In contrast, data from a 17-year prospective cohort of HIV serodiscordant couples in Zambia found no relationship between injectable contraceptive use and HIV risk (Wall, abstract THAC0504). In that study, 1393 couples in which the male partner was HIV infected were followed in a prospective observational cohort. HIV incidence was high, nearly 9% per year, and 207 incident transmissions were observed.
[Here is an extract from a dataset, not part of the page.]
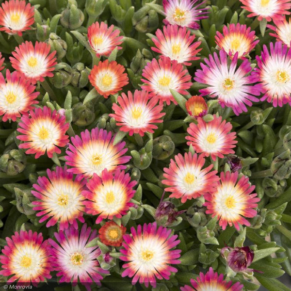 As long as the sun is out, this sturdy little evergreen perennial will shine! Bright, multi-colored flowers are fringed with ruby red tips. Forms a dense, weed-smothering mat, perfect as a groundcover or accent for rock gardens and containers. Hardy and adaptable, yet non-invasive.

In multivariate analysis, use of injectables (HR=1.0, 95%CI 0.6-1.5), oral contraceptive pills (HR=1.2, 95% CI 0.8-2.0), or implants (HR=0.9, 95% CI 0.3-2.6) in the past three months was not associated with HIV acquisition.
 
Finally, an abstract from the World Health Organization detailed WHO recommendations on medical eligibility considerations for different contraceptives for women at high risk for HIV (as well as for women living with HIV) (Gaffield, abstract THAC0505LB). In brief, recommendations did not change after a Q1 2014 consultation, compared to recommendations made in 2012. New WHO guidance recommends no restrictions on the use of combined hormonal contraceptives (pills, patch, vaginal ring, or injectable) or progestogen-only contraceptives (pills, injectable, or implants) for women with or vulnerable to HIV. Because risk of HIV acquisition associated with progestogen-only injectables is uncertain, women and couples at high risk of HIV infection should be informed about HIV preventative measures, including male and female condoms. WHO continues to actively review its recommendations in light of the accumulating evidence and strongly supports the need for further research to identify definitive answers that address concerns around increased biological vulnerability to HIV among women using progestogen-only injectables. Thus, in summary, there remains uncertainty in whether hormonal contraception, particularly injectable DMPA, truly increases HIV risk in women. This will continue to be a priority topic for future studies and meetings.